Anybody remember Vivek Kundra? Back in 2009-2010, as the first CIO for the entire federal government, he launched the Cloud Computing Initiative. It was a powerful concept: By embracing cloud technologies, agencies could lower the cost of government operations while spurring innovation.

Back then, I participated in an industry sponsored task force that created a guide for agencies to navigate these new waters. So, how are things going? Today, not one single agency has met a governmentwide target that 15 percent of IT spending in 2016 be on cloud computing services—not one.

Go ahead and pick your forecast or favorite pundit. You cannot escape that outside of the feds, cloud adoption is roaring ahead while the traditional IT shop shrinks. What goes on here and are there lessons for all of us?

Slow, bureaucratic, sclerotic—those are the nice words people use when it comes to the federal government and IT. We see legacy systems more than 50 years old, a Kabuki dance for a procurement process that gave us Heathcare.gov, huge spending just to keep the lights on (never mind something new and innovative), and of course a cloud initiative with little to show in improved IT cost of performance.
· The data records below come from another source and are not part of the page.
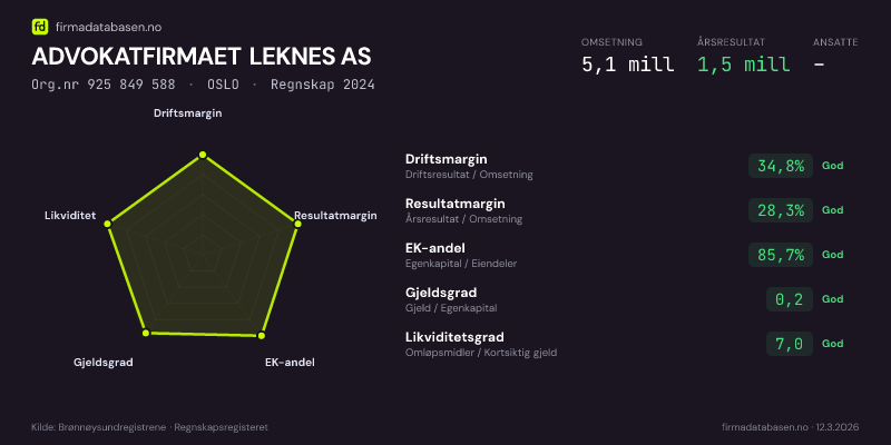 ADVOKATFIRMAET LEKNES AS hadde en omsetning på 5,1 MNOK for regnskapsåret 2024 ifølge siste innsendte årsregnskap. Regnskapstallene hentes fra Brønnøysundregistrene.
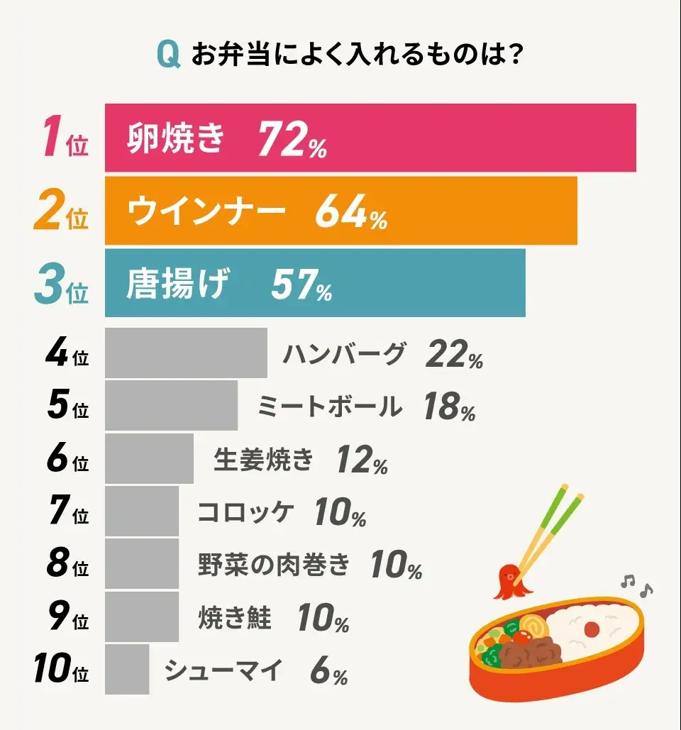 定番メニューが決まっていると、お弁当作りにすぐにとりかかることができます。今回のアンケートでは、お弁当のおかずによく入れるものについても質問しました。その結果、栄養が高く、彩りもきれいで、どんなおかずとも相性の良い卵焼きが圧倒的に人気でした。ウインナーや唐揚げなど腹持ちがよく、子どもが好きなメニューも上位に入っています。
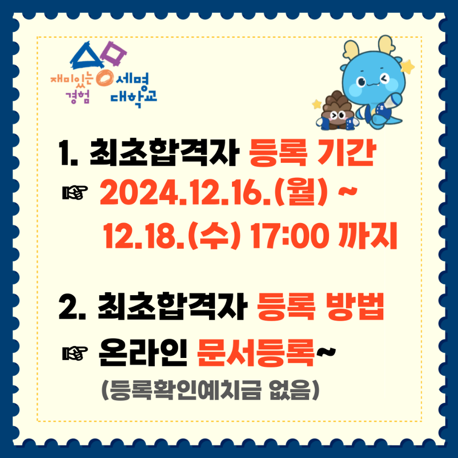 본문 시작 홈으로 커뮤니티 학과소개 교수소개 교육과정 커뮤니티 홈페이지가이드 포토갤러리 학과공지 학사일정 채용정보 및 자료 학생회 포토갤러리 포토갤러리 페이스북 트위터 프린트 세명대학교 재난안전학과 2025학년도 수시모집 최초합격자 등록 안내 재난안전학과 2441 2024-12-17 세명대학교 재난안전학과 2025학년도 수시모집 최초합격자 등록 안내 수시모집 최초 합격자 발표 안내 입니다..[자세한 내용 클릭] 목록 이전2024년 청소년 빅콘서트 전공체험 프로그램 운영 다음 세명대학교 재난안전학과 2025학년도 수시모집 충원 합격자 안내 만족도조사 만족도 조사 이 페이지에서 제공하는 정보에 대하여 만족하시나요? 매우만족 만족 보통 불만족 매우불만족
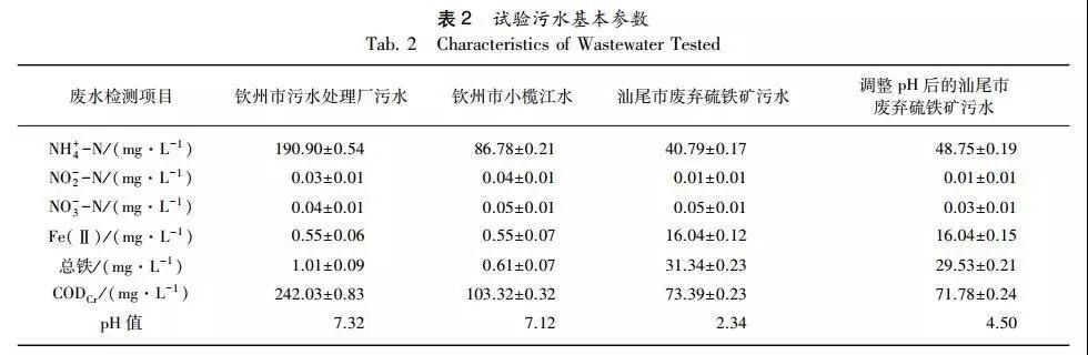 試驗污水分別為廣西壯族自治區(qū)欽州市污水處理廠的生化池進水、欽州市小欖江水以及廣東省汕尾市廢棄硫鐵礦區(qū)的地表水。三種試驗污水的基本理化性質如表2所示。由于汕尾廢棄硫鐵礦污水的pH值比較低,本研究根據(jù)厭氧鐵氨氧化菌生長的適宜pH,在汕尾廢棄硫鐵礦污水中加入氫氧化鈉(1 mol/L),將污水pH調至4.5,后作為第四種試驗廢水參與整個研究(如表2所示)。
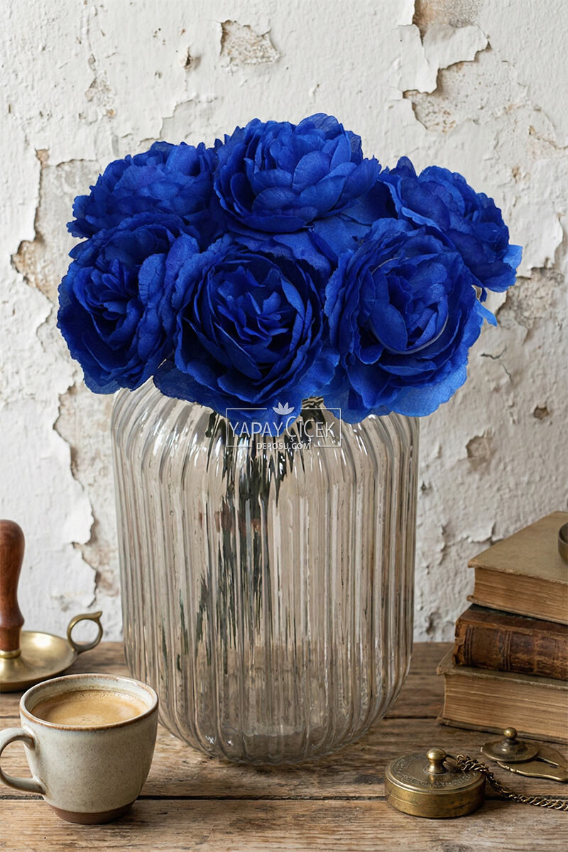 Yapay Çiçek 7li Çay Gülü Demeti 30 cm Saks Mavi
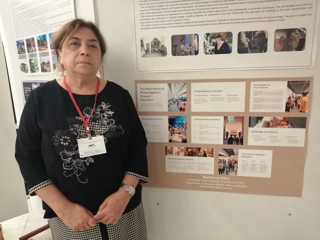 Konfransda Azərbaycan Dövlət Mədəniyyət və İncəsənət Universitetini təmsil edən “Muzeyşünaslıq” kafedrasının dosenti, sənətşünaslıq üzrə fəlsəfə doktoru, muzeyşünas alim Elfira Məlikova yetişməkdə olan muzeyşünasların rolunu önə çəkərək “Muzey işinin öyrənilməsində muzeyşünaslığın mühüm rolu” adlı məqaləsini konfrans təsisçilərinə təqdim edib və ADMİU-nun “Muzey, arxiv işi, abidələrin qorunması” ixtisasını bitirən bir sıra məzunların təkcə muzeylərdə deyil, eyni zamanda Bərpa mərkəzlərində bərpaçı (restavrator) kimi çalışdıqlarını, xüsusilə də muzeyşünasların muzey işində əhəmiyyətli rolunu daha qabarıq şəkildə vurğulayıb.
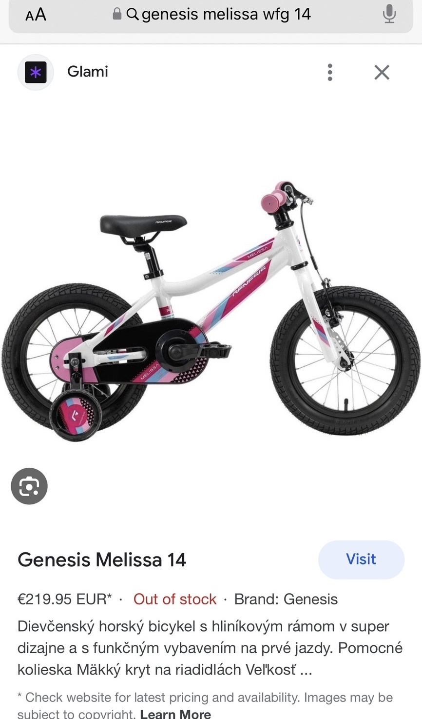 Predám dievčenský bicykel používaný jeden rok pridám pomocné kolieska bez poškodenia keď treba pošlem viac foto

Good thing you don’t have to live in that world. You’re in the private sector where you got to deliver results.  But be honest! You don’t have any legacy systems? Buying IT services in your shop is fast and efficient? Your budget goes mostly to new initiatives advancing your company’s competitive position? And, how is that cloud imitative working out for you?
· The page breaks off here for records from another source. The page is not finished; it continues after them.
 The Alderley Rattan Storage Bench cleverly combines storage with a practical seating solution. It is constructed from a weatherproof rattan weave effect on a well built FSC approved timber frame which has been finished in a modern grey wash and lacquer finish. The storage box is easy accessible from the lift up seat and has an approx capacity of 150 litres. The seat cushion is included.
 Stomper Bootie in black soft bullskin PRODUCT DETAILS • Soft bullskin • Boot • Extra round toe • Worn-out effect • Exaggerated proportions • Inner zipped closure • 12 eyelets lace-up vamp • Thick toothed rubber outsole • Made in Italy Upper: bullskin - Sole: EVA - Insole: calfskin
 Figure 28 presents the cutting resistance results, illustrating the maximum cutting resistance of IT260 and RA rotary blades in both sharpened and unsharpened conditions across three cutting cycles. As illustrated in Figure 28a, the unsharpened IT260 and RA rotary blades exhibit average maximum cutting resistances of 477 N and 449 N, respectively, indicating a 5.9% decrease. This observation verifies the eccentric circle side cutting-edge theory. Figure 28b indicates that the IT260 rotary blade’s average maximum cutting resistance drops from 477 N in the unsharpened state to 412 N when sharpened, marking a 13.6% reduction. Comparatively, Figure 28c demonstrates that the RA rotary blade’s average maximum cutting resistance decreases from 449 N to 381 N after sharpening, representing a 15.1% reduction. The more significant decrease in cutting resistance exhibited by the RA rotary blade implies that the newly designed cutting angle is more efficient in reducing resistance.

Let’s take a look at the federal stumbles and fumbles with the cloud and what they can teach us, starting with people.

The basic demographics of the US is no secret: The nation is getting older. A study by Politico shows that for the feds, the situation is worse. It has grown significantly older than the American workforce overall. Today, just 17 percent of federal workers are younger than 35 years old. (In the private sector, almost 40 percent are.) And more than a quarter of federal employees are now older than 55.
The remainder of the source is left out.